Check out the whole program. Make it today's meditation. Heschel is a fascinating person with a relevant spiritual perspective for our desperate times...

Any thoughts? What lesser-known spiritual figures do you find insight from?

Sunday, October 05, 2008

Politics and Faith in the Democratic Party

It's Sunday! NPR's "Speaking of Faith" looked at the role of faith and spirituality within the Democratic Party this morning and I thought some of you might want to check it out. If you click here, you will find a few different options on how you can listen. Here is their brief intro to the program:

The Religious Right has gotten a fair amount of coverage in recent years, while the political Left has rarely been represented with a religious sensibility. Our guest, a national correspondent for Time magazine is a political liberal and an Evangelical Christian who has been observing the Democratic Party's complex relationship with faith and the little-told story of its response to the rise of the Religious Right.

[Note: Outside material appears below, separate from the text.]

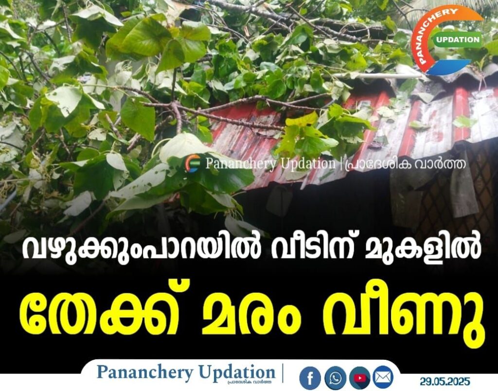 ജെയ്സൺ ആന്റണി എന്ന വ്യക്തിയുടെ വീട്ടിലേക്കാണ് ഇന്നലെ രാത്രി 8 മണിക്ക് ഉണ്ടായ കാറ്റിലും മഴയിലും വന ഭൂമിയിൽ നിന്ന് തേക്ക് മരം കടപ്പുഴകി വീണത്. വീട് ഭാഗികമായി തകർന്നു . മരം വീഴുന്ന സമയത്ത് വീട്ടിൽ ജെയ്സനും ഭാര്യയും രണ്ട് മക്കളും ഉണ്ടായിരുന്നു. തലനാരിഴക്കാണ് വലിയ അപകടം ഒഴിവായത് . തകർന്ന റൂമിലായിരുന്നു ജെയ്സൺ . പാണഞ്ചേരി പഞ്ചായത്തിലെ ആറാം വാർഡിലാണ് വീടിന് മുകളിലേക്ക് തേക്ക് മരം വീണത്. ഫോറസ്റ്റ് ഉദ്യോഗസ്ഥരും വാർഡ് മെമ്പർ ബിജോയ് ജോസും സംഭവ സ്ഥലത്ത് എത്തി. സമീപത്ത് അപകട ഭീഷിണിയിൽ ഇനിയും മരങ്ങൾ നിൽക്കുന്നുണ്ട്.

Any thoughts about the nexus between spirituality, faith, religion and the liberal/left in American politics? I'd be interested to hear what you think...

Tuesday, August 19, 2008

Remembering Jerry Wexler's Groove

Legendary music producer, Jerry Wexler, died at the age of 91 a few days ago. Aretha Franklin, Ray Charles, Wilson Pickett, Led Zepplin, Bob Dylan, Santana, Dire Straits and George Michael are just a few of the artists he produced at some point or another. Here is the New York Times obituary. Here is an excellent interview with Wexler from NPR's Fresh Air back in the 1990s. And here is a review of Wexler's autobiographical book about the music industry.

Wednesday, February 13, 2008

This American Life: "The Camera"

This American Life, with Ira Glass, is one of my favorite NPR programs. I haven't seen many episodes of the new tv version, but I like this story... and the animation is done by Chris Ware!